Я как раз наводила порядок в своём кабинете, когда с улицы донёсся крик. Не просто громкий возглас, а пронзительный, молодой, полный злости и отчаяния. Словно лопнула натянутая до предела струна. Моё старое сердце ёкнуло. Я выглянула в окно: у калитки бабы Клавы, нашей Клавдии Никитичны, стояла её городская дочь, Иринка. В лёгкой курточке, с лицом, перекошенным от гнева.
— Да как ты могла?! — кричала она срывающимся голосом. — Я на двух работах горбачусь, чтобы тебе сюда сумки возить, лекарства покупать! Кормлю! А ты?! Последнюю пенсию, до копейки, кому-то в трубу спустила! Чужому человеку!
На крыльце, съёжившись в старом выцветшем платке, стояла баба Клава. Маленькая, сухонькая. Она не плакала. Просто смотрела на дочь, и в её когда-то синих, как летнее небо, глазах плескалась такая растерянность и вселенская боль, что у меня перехватило дыхание. Она молчала, только её узловатые, рабочие руки теребили краешек старенького фартука с вышитыми, полинявшими васильками.
Не выдержала я. Накинула плащ, сунула в карман пузырёк с корвалолом и пошла по грязи к ним. Душа-то не камень.
Ирина, увидев меня, распалилась ещё больше:
— Валентина Семёновна! Вы посмотрите! Это же уму непостижимо! Отдала все деньги! А на вопрос «кому?» — молчит как рыба об лёд! Ей же мошенники звонили, я уверена! Что мне с ней делать? В город забирать? В четырёх стенах запирать?
Я посмотрела на бабу Клаву. Она будто стала ещё меньше ростом, вжалась в старую рассохшуюся дверь. В её позе была такая безысходность...
— Погоди, Ириша, не кричи, — сказала я тихо. — Разве так с родными говорят? Зайдём в дом, чайку выпьем, всё обсудим.
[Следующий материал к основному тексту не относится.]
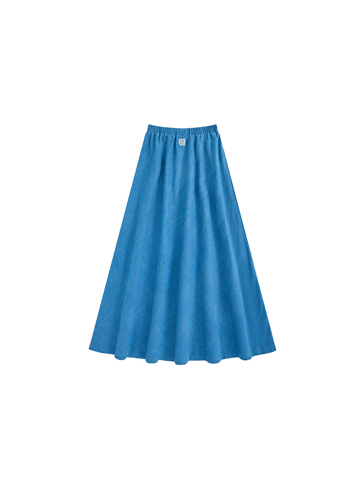 1 Pc. Denim Patch Midi Skirt - Blue Denim

В избе у бабы Клавы пахло чабрецом и старым деревом. Чисто, прибрано. На окне алоэ разросся. Но Ирина и тут не унималась:
— Какой разговор? Она же из ума выжила! Я нашла квитанцию о переводе на чужое имя! А она сидит и молчит!
Я присела рядом с бабой Клавой, взяла её холодную руку:
— Никитична... Милая... Что случилось? Ты хоть мне скажи? Может, помочь чем надо?
Она подняла на меня глаза, полные невыплаканной тоски:
— Надо было... Надо...
И снова замолчала.
После этого Ирина с ней и вовсе говорить перестала. Ходила по дому тенью. А баба Клава совсем сникла. Перестала выходить на крыльцо, сидела у окна и всё чаще доставала из серванта старую фотографию. Ставила перед собой и что-то шептала ей.
Через пару дней Ирина прибежала ко мне уже не злая, а испуганная:
— Семёновна! Всё! Я больше не могу. Она с фотографией разговаривает! Я уже в пансионат звонила. Завтра приеду вещи собирать.
— Не спеши ты. Пансионат не убежит. Дай мне с ней поговорить. Наедине.
Вечером я пришла к Никитичне с термосом чая и пирожками. Она сама достала ту фотографию: две молоденькие девчушки.
И она заговорила:
— Это я... А это подружка моя, Верочка... Мы с ней как сестры были. А потом... я страшное сотворила. Я её предала.
Ей было семнадцать. Влюбились они обе в одного агронома. А он выбрал Верочку.
— И вот однажды я девчонкам на ухо шепнула... Гадость про неё сказала... Пошёл слух гулять... И он от неё отвернулся.
Слеза скатилась по её щеке.
— А через месяц их семью перевели в Сибирь. Уехали. А я так и не нашла сил сказать «прости». И вот пятьдесят лет я с этим живу.
Она попросила Иринку поискать Веру в интернете. Нашли дочку. А та писала, что мама умерла год назад и собирает деньги на памятник.
— Вот он, мой час... Собрала я всю пенсию и отправила той женщине... Это не деньги... Это моё «прости»...
На следующий день приехала Ирина — собирать вещи. В дверь постучали: почтальон принёс заказное письмо.
Ирина открыла конверт: там была цветная фотография и записка.
На фото — ухоженная могилка под чистым небом. На камне выбито: «Рогова Вера Ивановна». А в записке: «Спасибо Вам... Ольга».
Ирина всё поняла. Она опустилась на пол и зарыдала — не зло, а горько и стыдливо.
А баба Клава просто положила руку ей на голову и стала гладить по волосам.
С того дня всё изменилось. Ирина ни в какой пансионат её не отдала. Стала чаще приезжать — уже без упрёков, а с теплом.